Output the records exactly, and drop each picture.

--- START ---

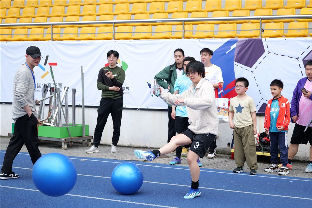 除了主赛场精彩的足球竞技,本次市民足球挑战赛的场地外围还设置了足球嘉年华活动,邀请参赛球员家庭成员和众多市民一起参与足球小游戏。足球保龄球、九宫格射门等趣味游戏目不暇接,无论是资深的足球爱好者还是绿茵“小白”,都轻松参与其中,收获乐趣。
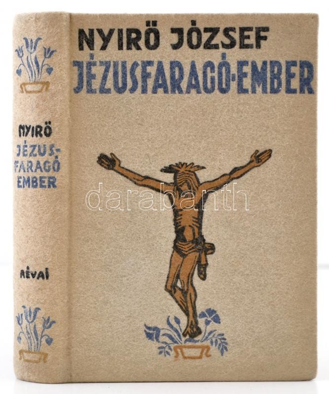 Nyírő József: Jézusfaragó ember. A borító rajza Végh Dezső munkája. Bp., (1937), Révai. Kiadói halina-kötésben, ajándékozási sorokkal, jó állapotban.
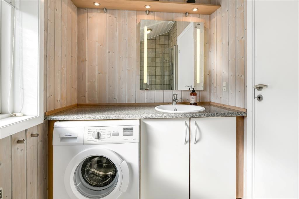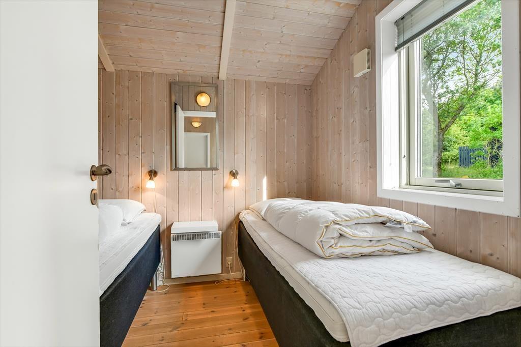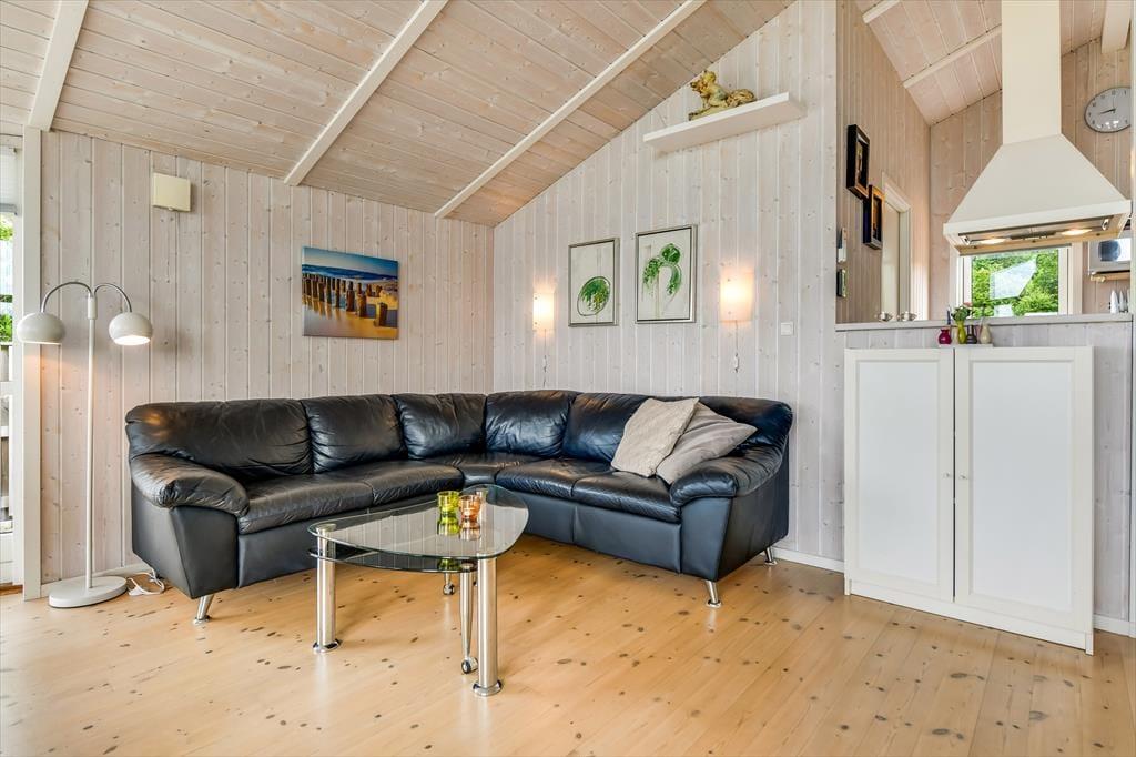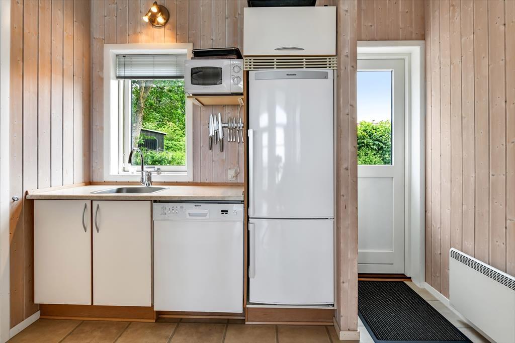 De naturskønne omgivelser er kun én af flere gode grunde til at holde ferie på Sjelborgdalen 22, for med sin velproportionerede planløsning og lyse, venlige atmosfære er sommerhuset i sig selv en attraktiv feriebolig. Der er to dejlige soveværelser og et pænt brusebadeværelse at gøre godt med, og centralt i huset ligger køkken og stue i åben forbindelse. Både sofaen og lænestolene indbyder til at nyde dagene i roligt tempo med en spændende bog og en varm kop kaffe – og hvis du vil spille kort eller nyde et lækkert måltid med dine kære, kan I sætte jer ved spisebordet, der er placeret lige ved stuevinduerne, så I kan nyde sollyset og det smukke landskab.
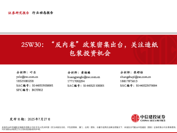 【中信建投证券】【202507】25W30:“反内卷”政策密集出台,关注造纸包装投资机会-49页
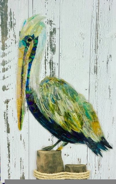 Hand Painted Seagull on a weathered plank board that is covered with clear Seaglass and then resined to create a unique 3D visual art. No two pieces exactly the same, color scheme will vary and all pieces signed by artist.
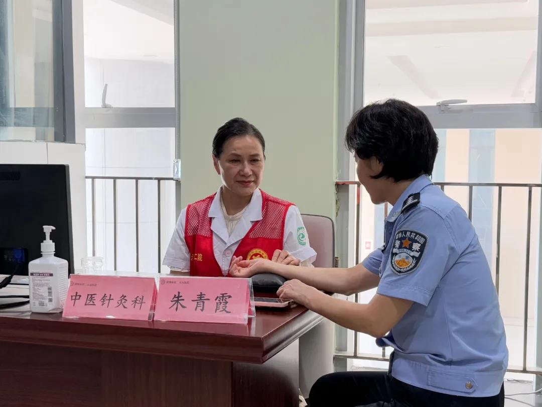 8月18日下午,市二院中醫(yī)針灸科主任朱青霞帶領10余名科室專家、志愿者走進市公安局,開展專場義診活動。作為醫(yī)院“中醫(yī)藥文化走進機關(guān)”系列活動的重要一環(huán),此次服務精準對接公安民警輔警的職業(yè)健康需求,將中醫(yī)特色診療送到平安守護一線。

--- END ---

*Solution to the problem:*
 除了主赛场精彩的足球竞技,本次市民足球挑战赛的场地外围还设置了足球嘉年华活动,邀请参赛球员家庭成员和众多市民一起参与足球小游戏。足球保龄球、九宫格射门等趣味游戏目不暇接,无论是资深的足球爱好者还是绿茵“小白”,都轻松参与其中,收获乐趣。
 Nyírő József: Jézusfaragó ember. A borító rajza Végh Dezső munkája. Bp., (1937), Révai. Kiadói halina-kötésben, ajándékozási sorokkal, jó állapotban.
 De naturskønne omgivelser er kun én af flere gode grunde til at holde ferie på Sjelborgdalen 22, for med sin velproportionerede planløsning og lyse, venlige atmosfære er sommerhuset i sig selv en attraktiv feriebolig. Der er to dejlige soveværelser og et pænt brusebadeværelse at gøre godt med, og centralt i huset ligger køkken og stue i åben forbindelse. Både sofaen og lænestolene indbyder til at nyde dagene i roligt tempo med en spændende bog og en varm kop kaffe – og hvis du vil spille kort eller nyde et lækkert måltid med dine kære, kan I sætte jer ved spisebordet, der er placeret lige ved stuevinduerne, så I kan nyde sollyset og det smukke landskab.
 【中信建投证券】【202507】25W30:“反内卷”政策密集出台,关注造纸包装投资机会-49页
 Hand Painted Seagull on a weathered plank board that is covered with clear Seaglass and then resined to create a unique 3D visual art. No two pieces exactly the same, color scheme will vary and all pieces signed by artist.
 8月18日下午,市二院中醫(yī)針灸科主任朱青霞帶領10余名科室專家、志愿者走進市公安局,開展專場義診活動。作為醫(yī)院“中醫(yī)藥文化走進機關(guān)”系列活動的重要一環(huán),此次服務精準對接公安民警輔警的職業(yè)健康需求,將中醫(yī)特色診療送到平安守護一線。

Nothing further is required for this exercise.